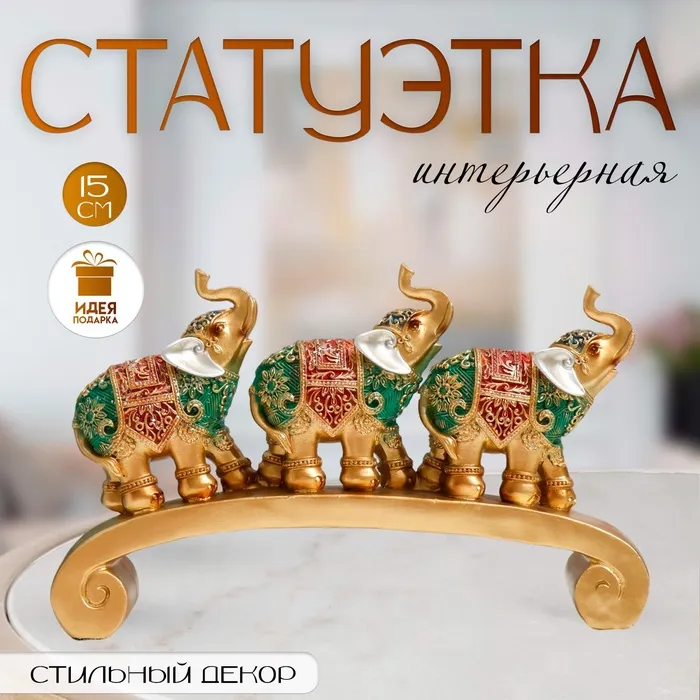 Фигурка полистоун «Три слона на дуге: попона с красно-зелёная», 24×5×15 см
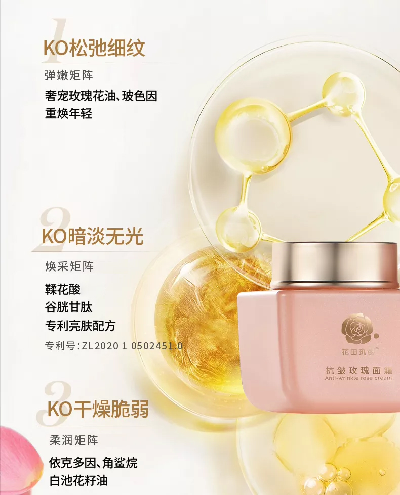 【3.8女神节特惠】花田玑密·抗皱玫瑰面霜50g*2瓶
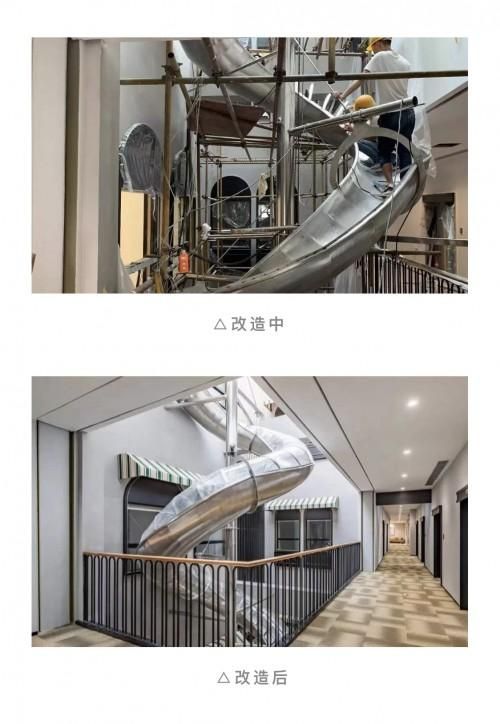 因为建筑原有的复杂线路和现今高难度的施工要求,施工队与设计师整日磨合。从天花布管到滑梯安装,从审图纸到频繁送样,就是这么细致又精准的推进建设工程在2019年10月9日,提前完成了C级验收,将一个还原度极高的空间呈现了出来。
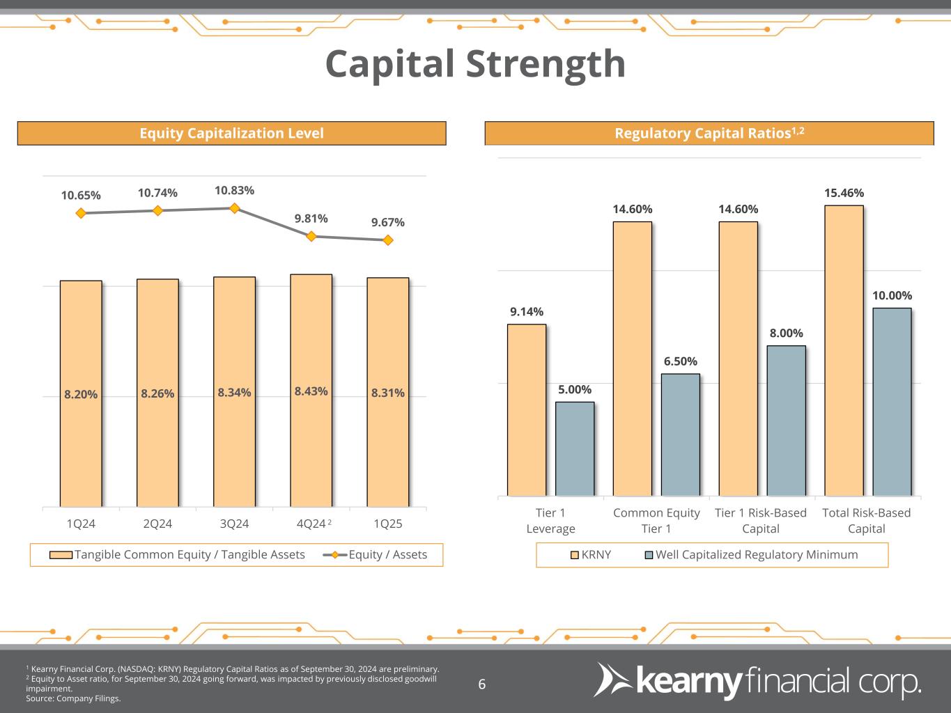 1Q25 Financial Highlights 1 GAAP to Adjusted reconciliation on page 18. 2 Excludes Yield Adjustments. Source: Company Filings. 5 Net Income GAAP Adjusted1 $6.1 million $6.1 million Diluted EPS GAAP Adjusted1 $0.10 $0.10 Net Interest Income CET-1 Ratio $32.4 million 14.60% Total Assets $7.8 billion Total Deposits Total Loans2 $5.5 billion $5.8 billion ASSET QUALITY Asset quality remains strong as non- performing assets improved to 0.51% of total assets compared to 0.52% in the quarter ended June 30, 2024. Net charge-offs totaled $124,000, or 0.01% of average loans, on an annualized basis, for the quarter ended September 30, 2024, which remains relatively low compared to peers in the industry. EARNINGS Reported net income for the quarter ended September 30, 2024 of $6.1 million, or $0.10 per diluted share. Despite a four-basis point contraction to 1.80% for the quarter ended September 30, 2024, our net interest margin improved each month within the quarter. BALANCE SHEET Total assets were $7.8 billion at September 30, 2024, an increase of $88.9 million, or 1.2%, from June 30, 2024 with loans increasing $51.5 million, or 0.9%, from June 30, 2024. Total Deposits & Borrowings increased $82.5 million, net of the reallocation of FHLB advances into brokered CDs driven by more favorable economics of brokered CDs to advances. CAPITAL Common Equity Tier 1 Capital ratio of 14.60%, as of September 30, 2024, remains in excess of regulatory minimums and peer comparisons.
──────
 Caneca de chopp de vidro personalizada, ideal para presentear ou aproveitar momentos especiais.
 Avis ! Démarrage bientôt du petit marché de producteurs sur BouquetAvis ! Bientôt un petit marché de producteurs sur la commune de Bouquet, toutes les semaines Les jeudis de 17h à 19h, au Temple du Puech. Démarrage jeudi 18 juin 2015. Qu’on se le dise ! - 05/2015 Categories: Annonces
──────
▶ [Instructions to follow]:
Set down exactly the lines above, from the line containing "на дуге: попона" through the line containing "因为建筑原有的复杂线路和现今". Skip the pictures.

▶ [Written solution]:
 Фигурка полистоун «Три слона на дуге: попона с красно-зелёная», 24×5×15 см
 【3.8女神节特惠】花田玑密·抗皱玫瑰面霜50g*2瓶
 因为建筑原有的复杂线路和现今高难度的施工要求,施工队与设计师整日磨合。从天花布管到滑梯安装,从审图纸到频繁送样,就是这么细致又精准的推进建设工程在2019年10月9日,提前完成了C级验收,将一个还原度极高的空间呈现了出来。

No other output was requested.